* _Requirement_
Omit all pictures, and print word for word only the lines from the one containing "Ahora un gran" through the end of the data.

* _Records for the task_

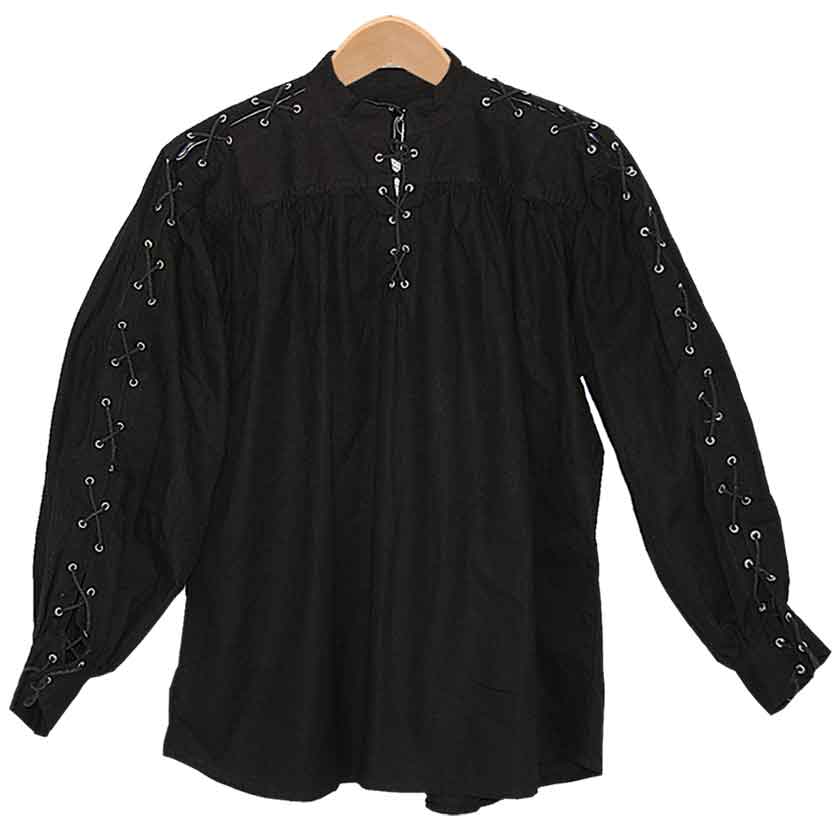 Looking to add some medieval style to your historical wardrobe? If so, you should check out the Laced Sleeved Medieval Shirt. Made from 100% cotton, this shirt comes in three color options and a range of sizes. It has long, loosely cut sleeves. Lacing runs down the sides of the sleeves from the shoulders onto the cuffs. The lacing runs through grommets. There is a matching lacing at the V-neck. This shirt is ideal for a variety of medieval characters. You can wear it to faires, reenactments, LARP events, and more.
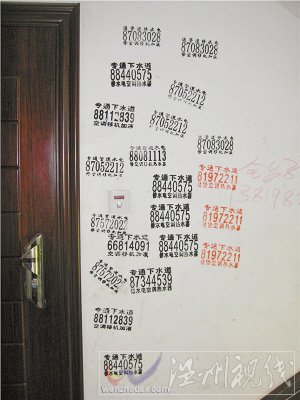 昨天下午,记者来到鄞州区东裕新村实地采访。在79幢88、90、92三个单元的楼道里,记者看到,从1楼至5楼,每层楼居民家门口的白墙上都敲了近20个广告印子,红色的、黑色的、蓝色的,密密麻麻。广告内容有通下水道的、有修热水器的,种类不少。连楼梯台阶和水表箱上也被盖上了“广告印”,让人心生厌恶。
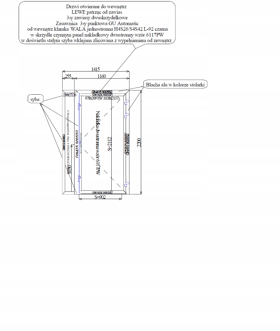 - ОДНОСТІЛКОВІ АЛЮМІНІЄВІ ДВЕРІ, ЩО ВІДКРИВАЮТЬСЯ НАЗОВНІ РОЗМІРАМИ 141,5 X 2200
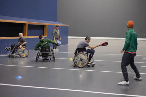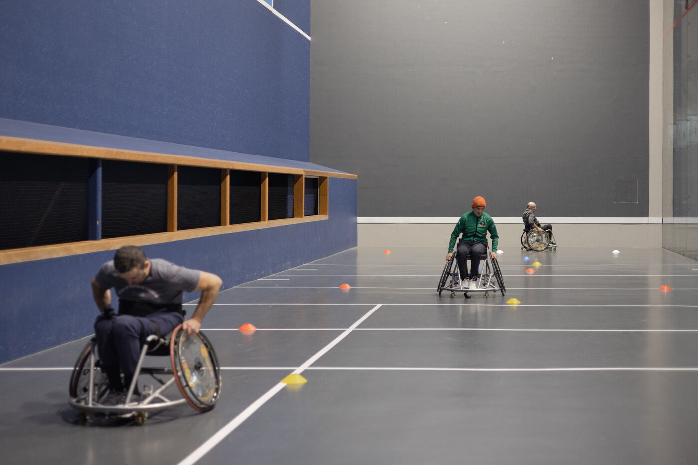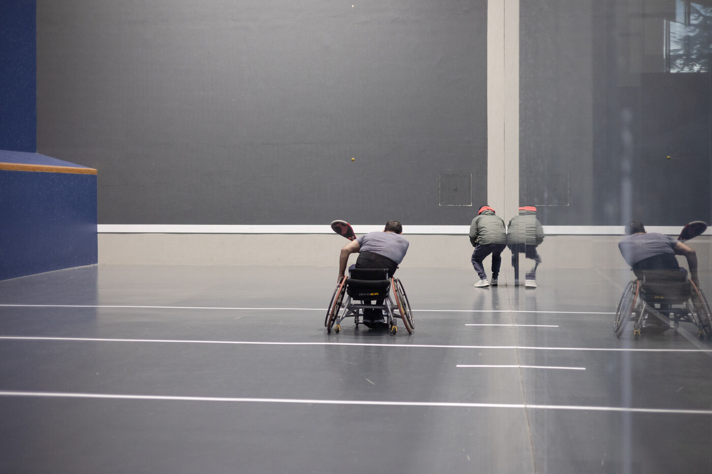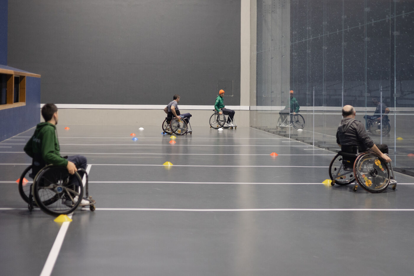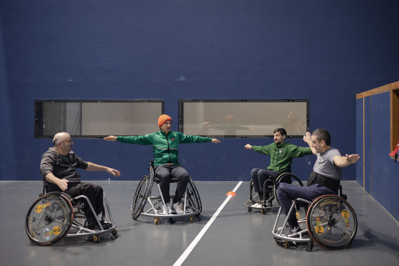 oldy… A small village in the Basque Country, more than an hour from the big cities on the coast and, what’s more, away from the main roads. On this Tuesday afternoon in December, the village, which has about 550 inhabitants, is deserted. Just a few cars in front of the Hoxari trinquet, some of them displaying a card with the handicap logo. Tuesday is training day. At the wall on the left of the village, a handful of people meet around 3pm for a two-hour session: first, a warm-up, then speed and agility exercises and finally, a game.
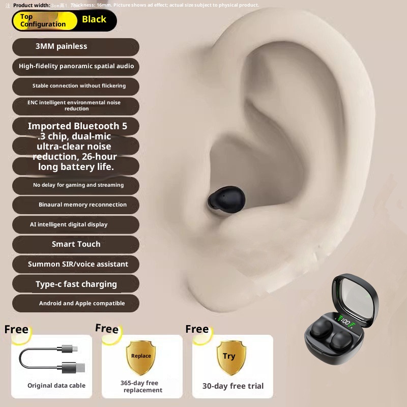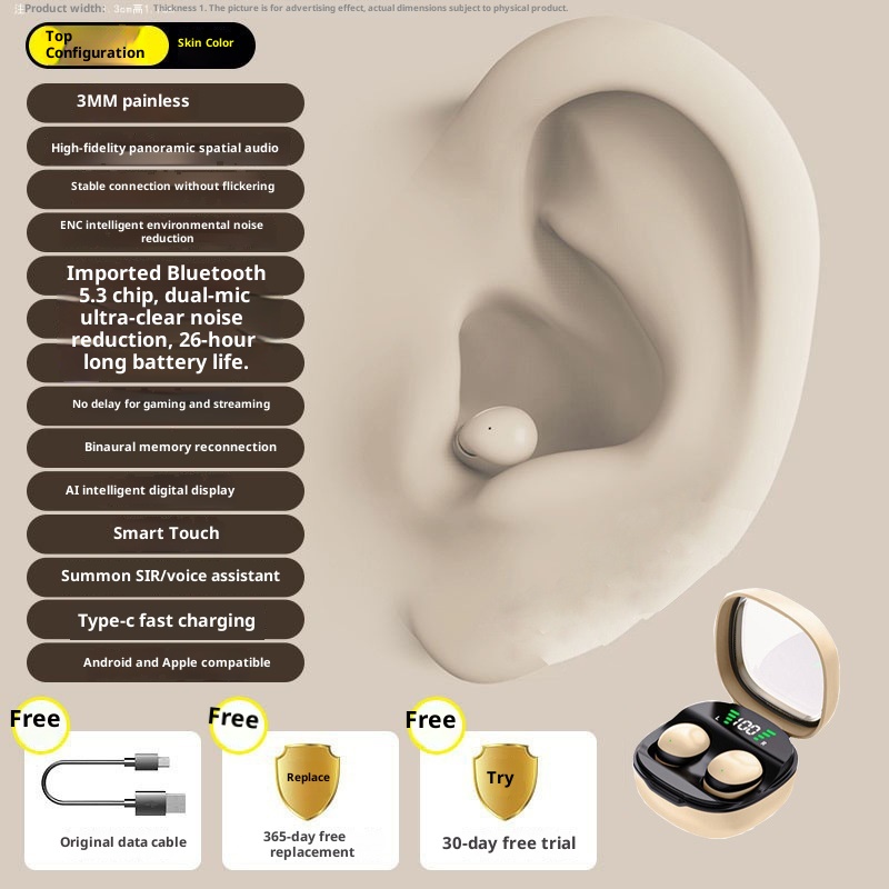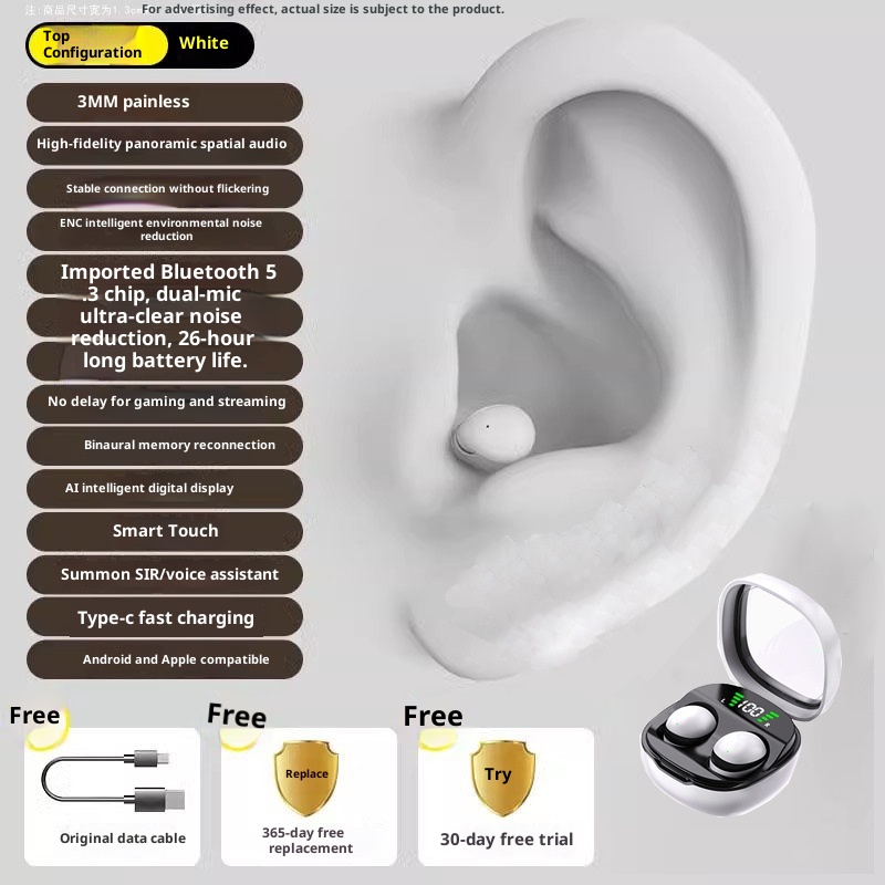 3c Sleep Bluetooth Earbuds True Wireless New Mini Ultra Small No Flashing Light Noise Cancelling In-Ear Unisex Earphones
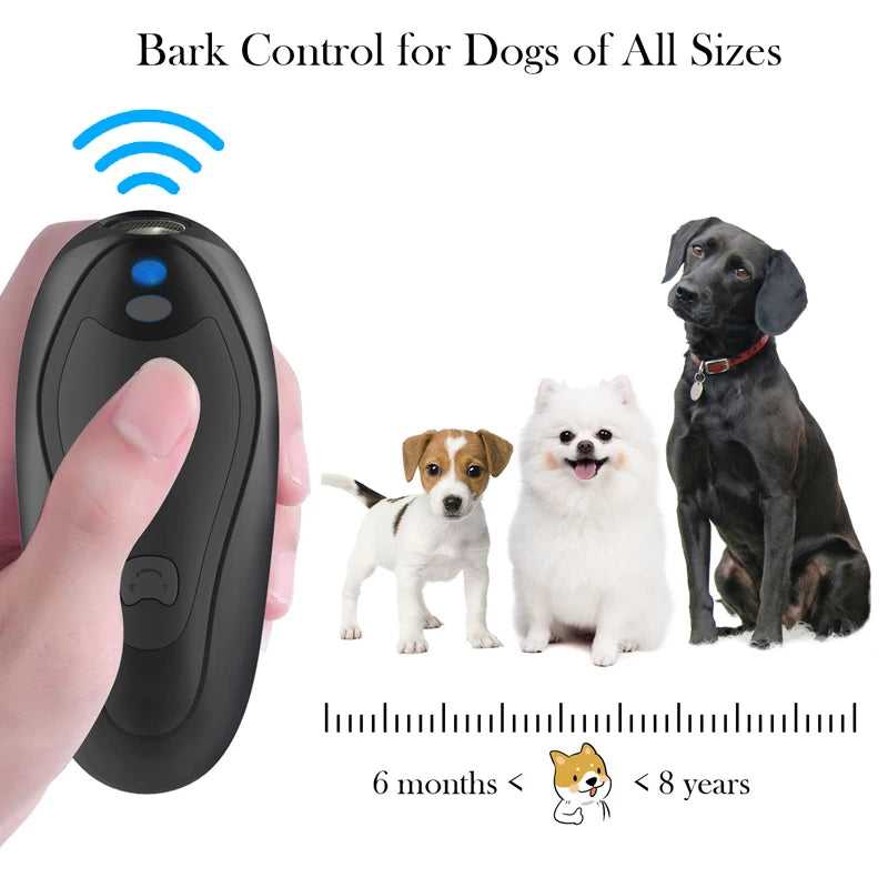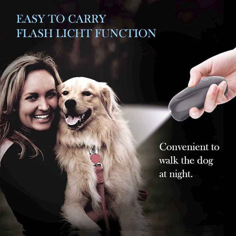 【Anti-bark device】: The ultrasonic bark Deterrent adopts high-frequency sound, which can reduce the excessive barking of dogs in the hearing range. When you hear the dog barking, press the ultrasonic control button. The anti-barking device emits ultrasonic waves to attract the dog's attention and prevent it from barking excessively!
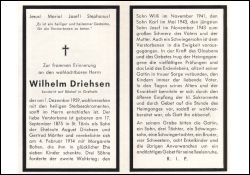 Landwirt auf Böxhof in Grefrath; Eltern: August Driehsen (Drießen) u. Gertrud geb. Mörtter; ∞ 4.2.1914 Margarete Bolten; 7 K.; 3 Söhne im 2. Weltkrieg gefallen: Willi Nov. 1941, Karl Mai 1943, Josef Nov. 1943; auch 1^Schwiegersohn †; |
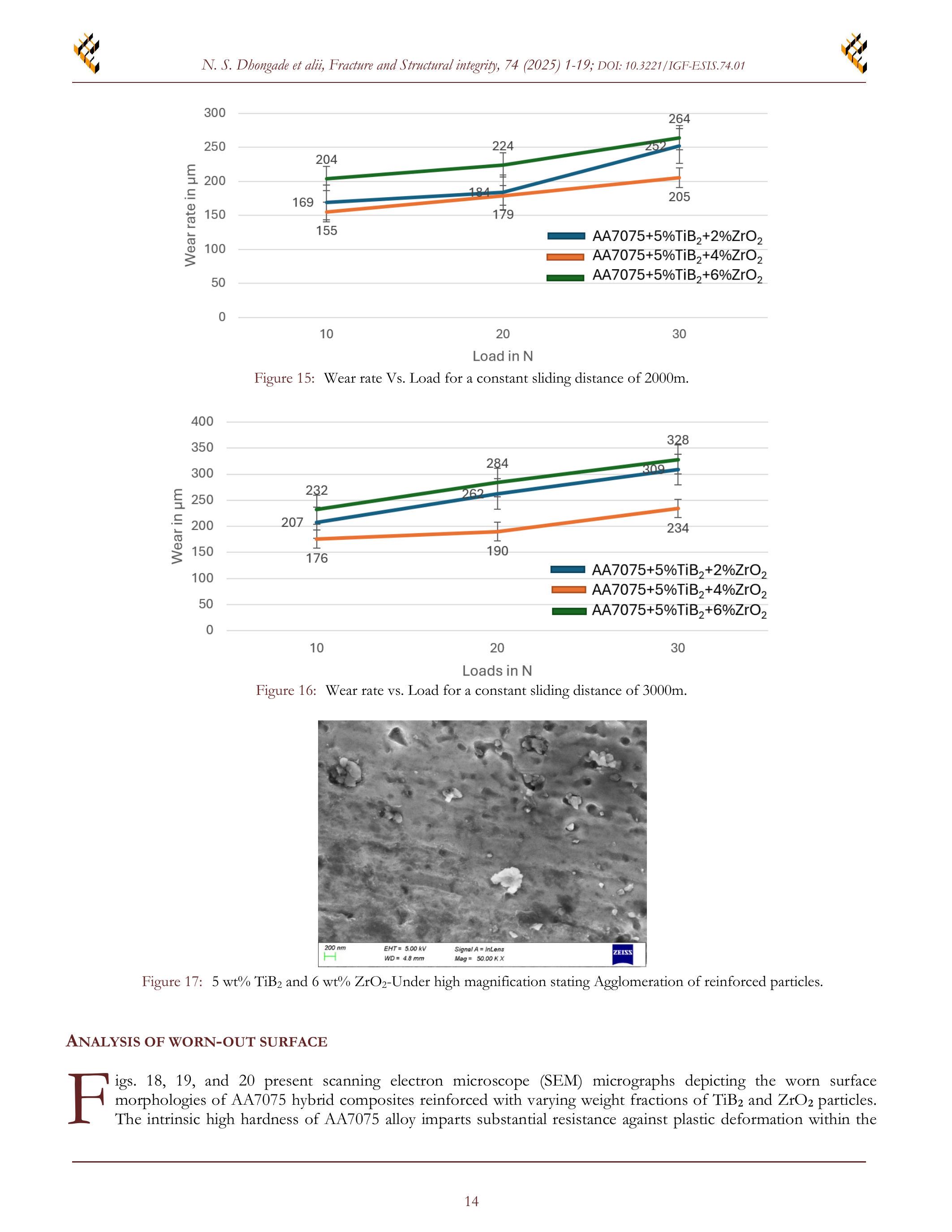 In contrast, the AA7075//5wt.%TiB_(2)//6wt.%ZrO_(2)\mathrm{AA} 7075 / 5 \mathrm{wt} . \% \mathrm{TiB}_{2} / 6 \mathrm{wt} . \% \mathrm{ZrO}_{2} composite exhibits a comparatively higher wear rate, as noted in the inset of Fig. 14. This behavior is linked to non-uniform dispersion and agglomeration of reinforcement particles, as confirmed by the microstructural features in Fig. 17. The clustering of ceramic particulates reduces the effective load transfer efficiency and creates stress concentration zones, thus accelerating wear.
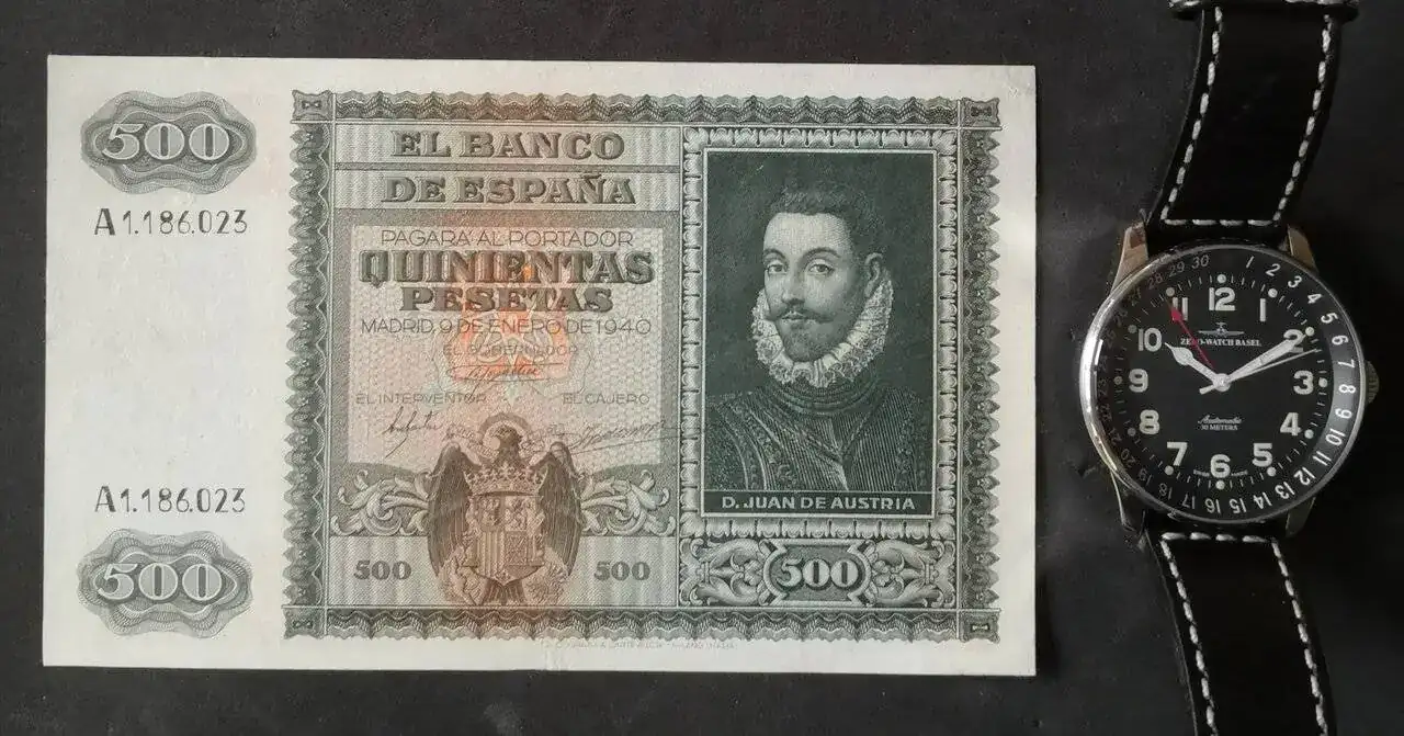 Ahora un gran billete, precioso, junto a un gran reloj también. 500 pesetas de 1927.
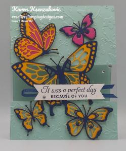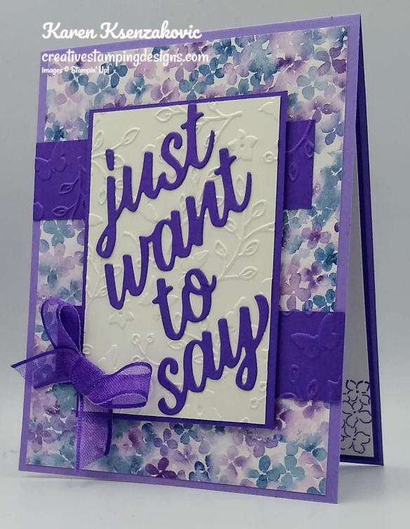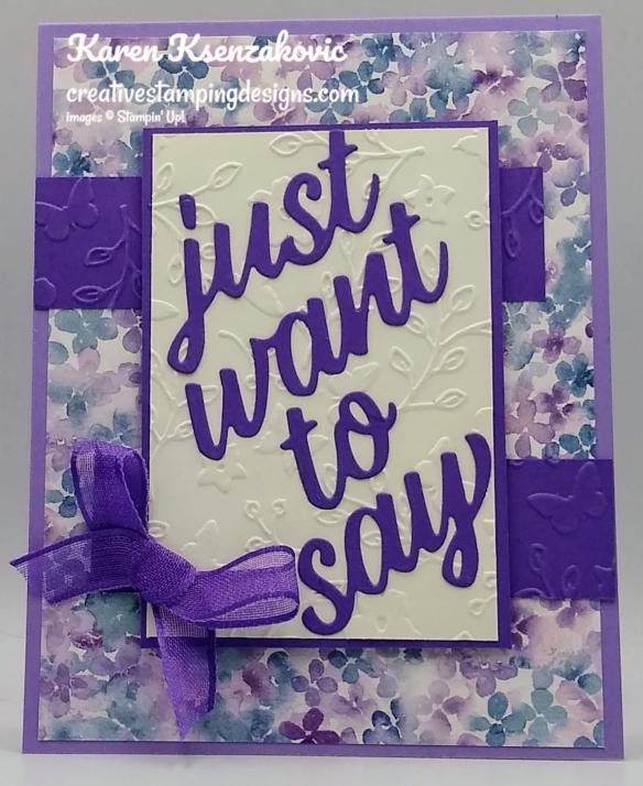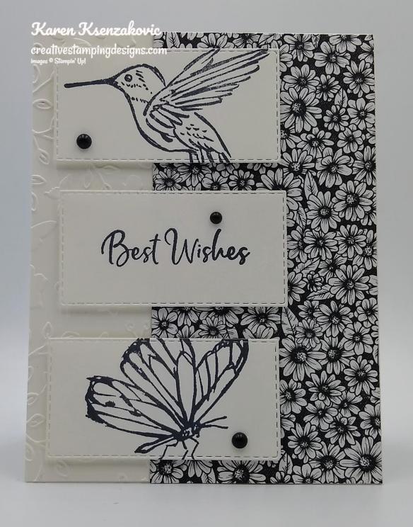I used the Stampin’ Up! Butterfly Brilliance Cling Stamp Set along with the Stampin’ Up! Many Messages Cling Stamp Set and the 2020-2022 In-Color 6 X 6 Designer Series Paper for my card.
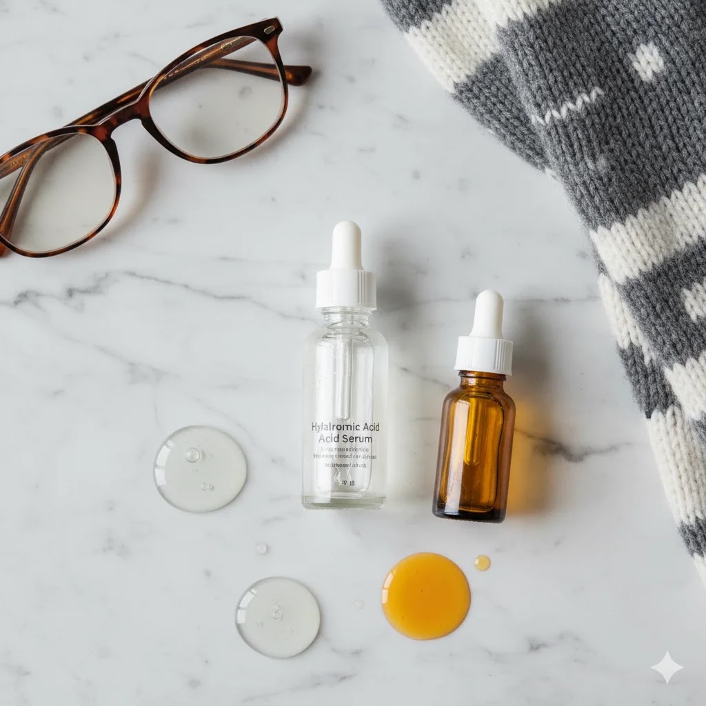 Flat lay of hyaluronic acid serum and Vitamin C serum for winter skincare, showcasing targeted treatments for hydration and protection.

* _Solved exercise_
 Ahora un gran billete, precioso, junto a un gran reloj también. 500 pesetas de 1927.
I used the Stampin’ Up! Butterfly Brilliance Cling Stamp Set along with the Stampin’ Up! Many Messages Cling Stamp Set and the 2020-2022 In-Color 6 X 6 Designer Series Paper for my card.
 Flat lay of hyaluronic acid serum and Vitamin C serum for winter skincare, showcasing targeted treatments for hydration and protection.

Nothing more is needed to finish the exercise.